Uber has experienced its share of legal difficulties outside the US also. In China, it conceded defeat and sold out to Didi Chuxing, its biggest rival there. In Europe and the UK, it has been receiving flak as well. Last year, in France, Uber lost a ruling at the top court of the country, meaning its drivers had the right to be considered employees. Uber’s labour practises in other parts of Europe, such as Germany, Italy and Spain, have generated hackles for local taxi unions, which have so far been able to persuade lawmakers to restrict their supply.
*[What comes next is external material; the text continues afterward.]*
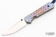 This Large Sebenza 21 CGG "The 60s Pattern", by Chris Reeve Knives features a stonewashed blade with single titanium thumbstud, notched thumbrest. The frame is bead blasted titanium with matching tip up clip; the front scale is satin finished with the computer generated graphic. Nice detent, lockup and blade seating. Has a couple light scuffs and scratches, otherwise excellent condition.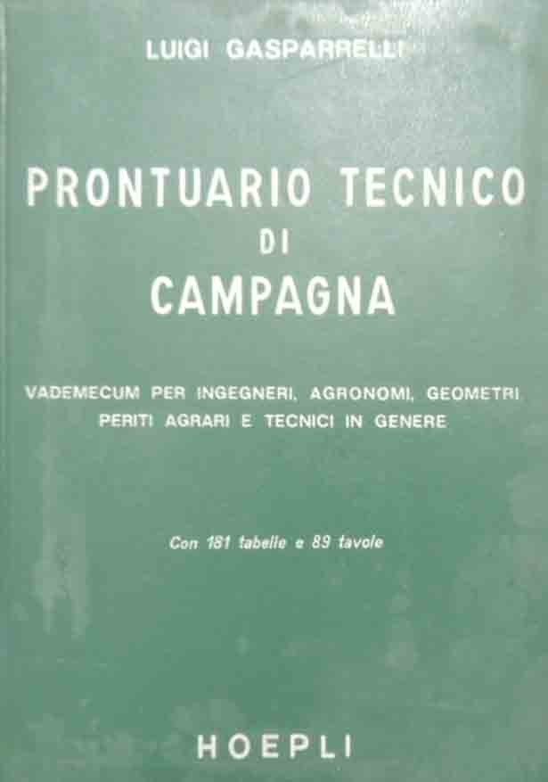Luigi Gasparelli, Prontuario tecnico di campagna. Vademecum per ingegneri, agronomi, forestali, geometri, periti agrari etecnici in genere. Parte tecnica – Parte topografica – Parte agronomica – Parte forestale – parte costruttiva – Parte finanziaria – Parte legale – Parte segnaletica, Editore Ukrico Hoepli, Milano 1975, pp. XV, 379, ill. b.n., cm 21, br. ed. in similpelle con titoli al dorso e al piatto. Leggere tracce d’uso alla brossura, minime fioriture e ingialliture, per il resto ben conservato.

But it would seem easier to seduce an electorate into making a convenient decision, itself a gigantic endeavour than to persuade supreme court justices. Mint announced on Friday, 19 February, that Uber suffered a big setback in Britain, one of its most important markets when the Supreme Court of that country said that a group of drivers should be listed as employees entitled to minimum wage and holiday time. The British Supreme Court ruled unanimously that by setting prices, allocating rides, forcing drivers to follow certain routes and using a rating system to discipline them, Uber acted more like an employer, although it argued it was just a technology platform that linked drivers with passengers. For the time being, this decision is limited only to the 25 drivers who brought the case initially. To decide how it will affect all Uber drivers in Britain, the decision will be relayed to a job’s tribunal.

Unsurprisingly, Uber is playing down the decision of the court, saying it will press the jobs tribunal to narrow the scope of the ruling. Anyone with a simple sense of logic can see, however, how this will cascade down to Britain’s 60,000-plus Uber drivers and reverberate far beyond the boundaries of that country. The effect would also go beyond Uber to other gig-economy companies that rely heavily on casual employees.

We are somewhat removed from such questions in India. There have been laissez-faire attitudes regarding our disposition towards ‘informal economy’ jobs. It is therefore a surprise to see an effort to ensure that, under a revamped labour code, food delivery agents and ride-hailing drivers earn certain social security benefits. It remains uncertain how gig-employers in India can avoid that.